Commodities, Copper, Exploration/Development, Gold, News

Havieron ‘lookalike’ targets excite Greatland Gold

Greatland Gold

Greatland Gold’s new Canning and Paterson South deposits are showing promise after two Havieron ‘lookalike’ targets were identified at the Western Australia exploration tenements.

The two targets have presented characteristics akin to the magnetic and gravity anomaly associated with Havieron, the adjacent copper-gold project Greatland and Newcrest Mining are working to bring into production in 2024.

Early-stage exploration has paved the way for further investigation, with the next steps to confirm the historical gravity data and remodel the gravity and magnetic data, with the aim of targeting drill holes for one or both targets.

“These targets, which have never been drilled, are exciting opportunities situated within our expanded holdings in the Paterson district,” Greatland chief executive officer Shaun Day said.

“Both show strong magnetic and gravity anomalies, with characteristics analogous to the magnetic and gravity signature developed over Havieron.”

While still green, Day believes the early signs of Canning and Paterson South are encouraging, with other successful projects following a similar path.

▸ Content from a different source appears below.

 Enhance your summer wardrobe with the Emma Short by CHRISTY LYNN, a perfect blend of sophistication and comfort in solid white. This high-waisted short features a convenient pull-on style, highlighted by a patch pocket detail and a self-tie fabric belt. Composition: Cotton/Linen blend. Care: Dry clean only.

“As with Havieron, the new targets sit under cover and remain untested, which allows Greatland to apply our proven record of discovery and exploration success to identify prospective Telfer, Winu and Havieron style mineralisation,” he said.

“We consider these bullseye targets significant and exciting additions to our growth portfolio as we seek to discover further tier-one gold-copper deposits in the Paterson province.”

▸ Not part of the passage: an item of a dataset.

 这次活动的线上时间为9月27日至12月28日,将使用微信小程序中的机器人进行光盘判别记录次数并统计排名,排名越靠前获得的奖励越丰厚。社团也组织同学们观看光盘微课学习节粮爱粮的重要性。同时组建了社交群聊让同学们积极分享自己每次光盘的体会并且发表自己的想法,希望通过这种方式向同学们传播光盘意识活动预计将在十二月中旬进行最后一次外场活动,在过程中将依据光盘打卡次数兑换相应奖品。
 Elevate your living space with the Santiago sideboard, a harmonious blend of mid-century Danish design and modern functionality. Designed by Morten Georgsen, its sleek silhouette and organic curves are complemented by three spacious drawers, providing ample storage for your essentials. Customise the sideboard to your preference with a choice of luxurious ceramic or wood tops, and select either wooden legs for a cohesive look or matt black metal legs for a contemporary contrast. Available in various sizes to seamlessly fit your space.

Greatland acquired the Paterson South exploration tenement from Province Resources in September.

The company lodged a separate application for the Canning licence, which is still pending. In the meantime, Greatland has been compiling and reviewing historical exploration data at the site.

Both Paterson South and Canning have seen limited exploration in the past.

It comes after Newcrest provided an update on the Havieron joint venture project in October.

Stage one of the pre-feasibility study (PFS) indicated Havieron will deliver an estimated internal rate of return of 16 per cent with a four-year payback period.

This is based on estimated average gold production of 160,000 ounces per annum at an all-in sustaining cost of $US743 ($1101) per ounce across an initial nine-year mine life.